Bike skills practice is important, but practicing this could actually save your ride

Practicing emergency bike repairs at home builds confidence and skills that could save your next ride.
Three mountain bikers are gathered around a bicycle on a rocky trail. Two of them are inspecting the tire, while one is holding a tire plug tool and working on it. All three are wearing helmets and appropriate biking gear, surrounded by dry grass and dirt.

Editor’s note: this article originally appeared in the February 26, 2026, Singletracks email newsletter. It’s free to sign up, and you’ll receive links to the week’s top articles plus original content just like this in your inbox each week.

I don’t mean to brag, but I can fix a flat mountain bike tire pretty dang fast. A friend once compared me to a member of a NASCAR pit crew, and while that’s definitely a stretch, I’m confident I can get a busted tire rolling again in no time flat.

When I first started mountain biking, I was scared to death of getting a flat tire. On more than one occasion, I decided to walk back to my car rather than waste time trying to fix a flat trailside. Over the past two decades of riding, I probably only flatted one or two tires a year, which wasn’t nearly enough to turn me into a pro tire wrangler.

Then, I unintentionally stumbled onto what I had been missing: practice. For this tubeless tire plug test, I poked dozens of holes in my tires before plugging them with various tools. Another time, I inflated tire after tire with various mini pumps to see how quickly each one would work. And because I’m always testing new tires, it’s not unusual for me to swap four tubeless mountain bike tires between bikes on a random Saturday.

Every now and then, I’ll see a rider on the trail with a tire plug in hand and a confused look in their eyes. They’ve purchased the tool, but they have no idea how to use it. I’ve been there myself, and it’s not a great feeling. If only we had practiced!

Most, if not all of us, understand that practice makes progress when it comes to bike skills, and I’m here to argue that the same goes for emergency bike repairs. It might seem silly at first, but poking a bunch of holes in an old tire and then patching them will have you feeling confident in thirty minutes or less. The same goes for taking a tire off the rim and putting it right back on in your driveway. Bonus points if you can eventually do it without using a tire lever!

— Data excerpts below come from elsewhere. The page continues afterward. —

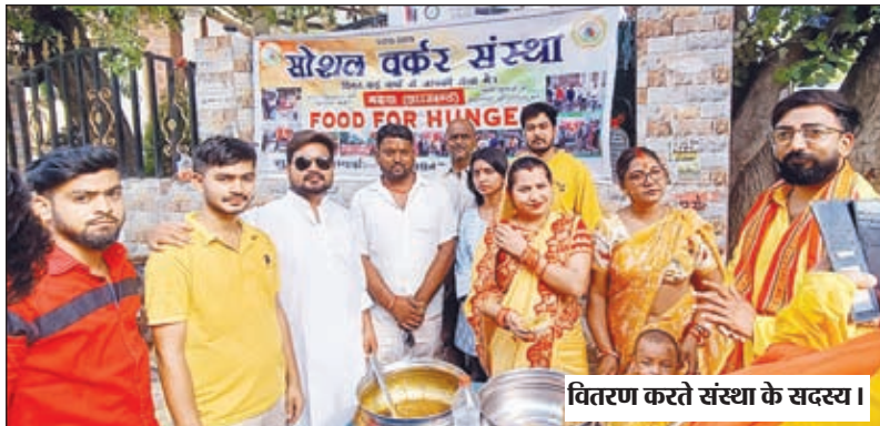
वितरण करते संस्था के सदस्य।
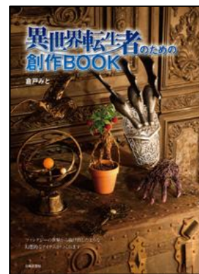
『異世界転生者のための創作BOOK』 倉戸 みと／著 寺岡 みゆき／口絵・カバー撮影 日本文芸社
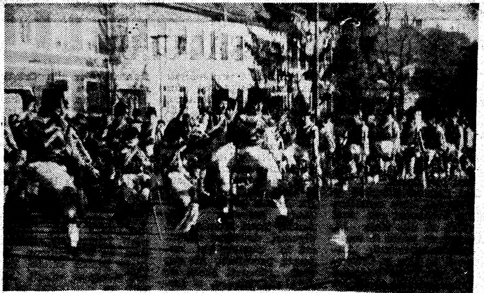
În iureșul dansului, călușerii din Orăștioara de Sus.
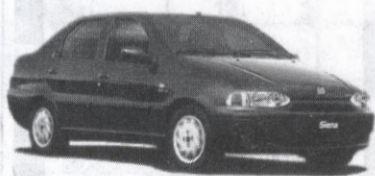
BRAVA upust 5.000 zł
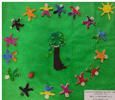
Slika 5: Spodbujamo prijateljstvo 2022/23 - Gumbki

Odsotnost vašega otroka zaradi bolezni oz. kakšnega drugega vzroka sporočite preko eAsistenta do 8. ure zjutraj (od kdaj do kdaj bo predvidoma otrok odsoten iz vrtca). Podrobna navodila, uporabniško ime in geslo starši dobijo na naslov elektronske pošte, ki so jo navedli v vlogi za vpis otroka v vrtec.
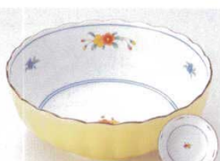
321-26-6E3 1,580円 2264318035 黄彩小花6.8ボール (20.6φ×7.3H)
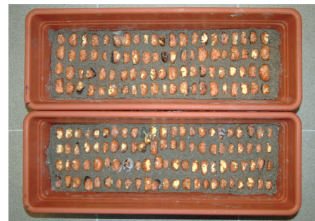
Sjetva u jesen može se obaviti bez stratifikacije

Postoji nekoliko poznatih kultivara pitomog kestena koji su zbog svoje izu- zetne dekorativnosti posebno prikladni za gradske uvjete. To su kultivari „ Al- bomarginata “ ili „ Argenteomarginata “ s rubovima lista kremasto bijele boje, „ Asplenifolia “ s duboko izrezanim listo- vima te „ Marron de Lyon “ koji se koristi zbog ploda, tzv. maruna. Do danas nam nije poznat broj sorti pitomog kestena u Republici Hrvatskoj.
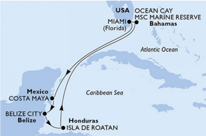
Картата е само за обща ориентация. Координатите са приблизителни и не целят да покажат точната локация на кораба.
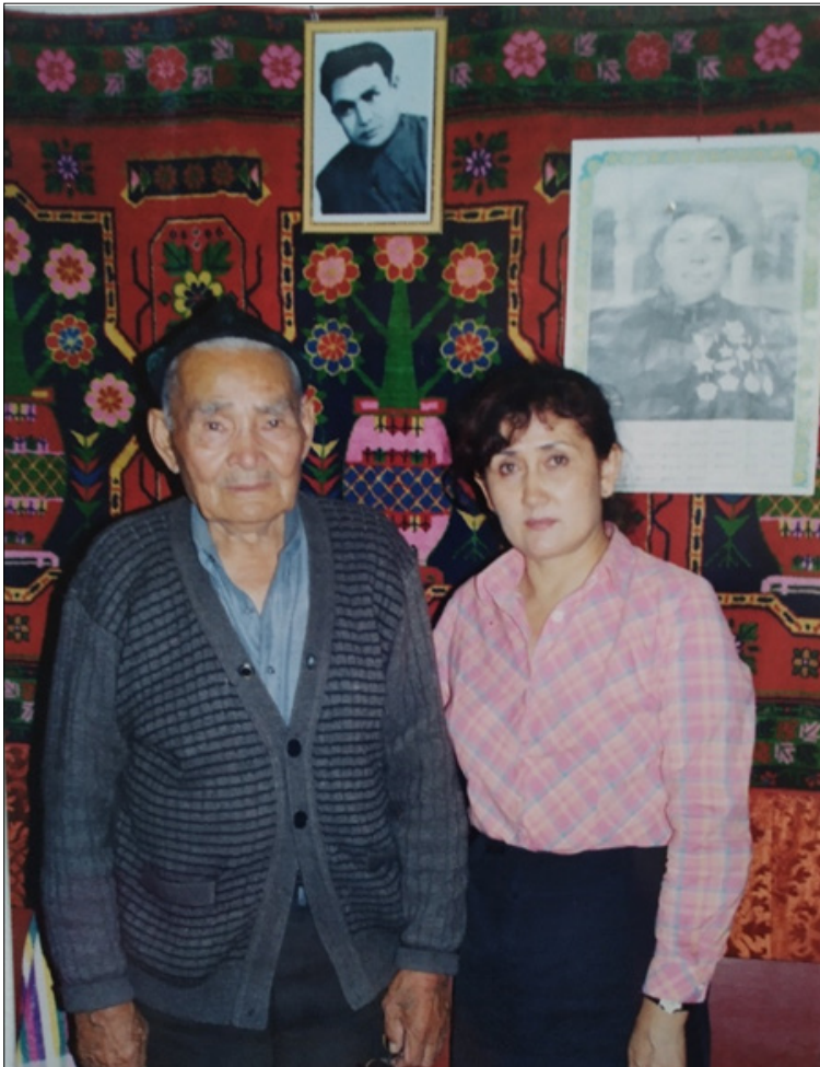
ئاپتوننىڭ قەھرىمانى تۇنجى قېتىم زىيارەت قىلغان كۈنىدىن خاتىرە.

چىقىپ تۇرغان، ئاق ۋە كەڭ چاسا يۈزلۈك، توم قارا قاشلىق باتۇرىمىز ئورنىدىن تۇرۇپ كۈتۈۋالدى. باشتا سەل خۇدۇكسېرىگەندەك قىلدى. توغرا چۈشىنىشكە بولاتتى. چۈنكى، ئۆمۈر بويى پايلاقچىلارنىڭ نازارىتىدە ياشاش ئىنساندا گۇمانخورلۇق پىسخىكىسى پەيدا قىلىدۇ-دە! (2)
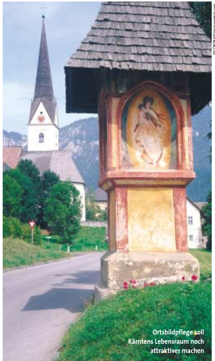
Ortsbildpflege soll Kärntens Lebensraum noch attraktiver machen
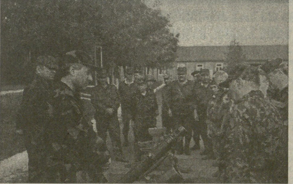
თმში წასვლა მას უხარის...
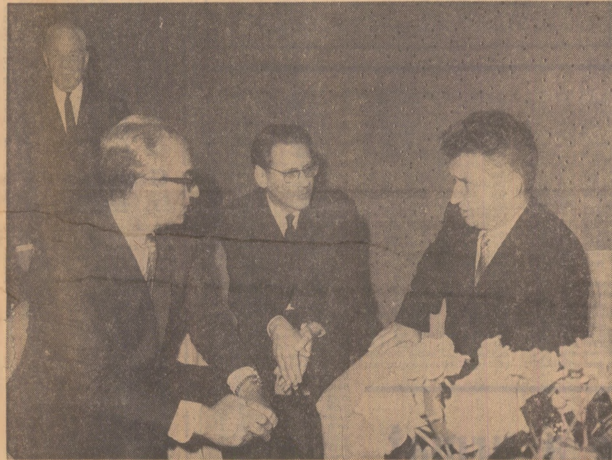
În timpul dineului

evidențiate în cursul acestei vizite și al convorbirilor care au avut loc, președintele Consiliului de Stat, Nicolae Ceaușescu, a toastat în sănătatea Șahinșahului Mohammad Reza Pahlavi Aryamehr și a Impărătesei Farah, pentru dezvoltarea în continuare a relațiilor de prietenie dintre popoarele și țările noastre. Dineul s-a desfășurat într-o atmosferă de cordialitate. (Agerpres)

Though tires generally give us the most problems on the trail, drivetrains can be real boogers, too. So pick up an old chain and practice adding and removing links with your chain tool, and fiddle with that barrel adjuster until you finally understand how it works. One day — perhaps even sooner than you think — you’ll be glad you did.

For the past several months, I’ve been riding around with a can of GUP, a product that combines tire sealant with an inflator. I watched a video online to learn how to use it, and I felt prepared for the next emergency. That emergency never came, so I finally decided to give it a try in the backyard.

It was a disaster.

Sealant went everywhere, and I struggled to cap the valve when I was finished inflating. If this had happened to me on the trail, I surely would have been walking back to the car.

So, I bought a fresh can of GUP to give it another try in my backyard. Practice won’t make me perfect, but I’m convinced it very well could save my next ride.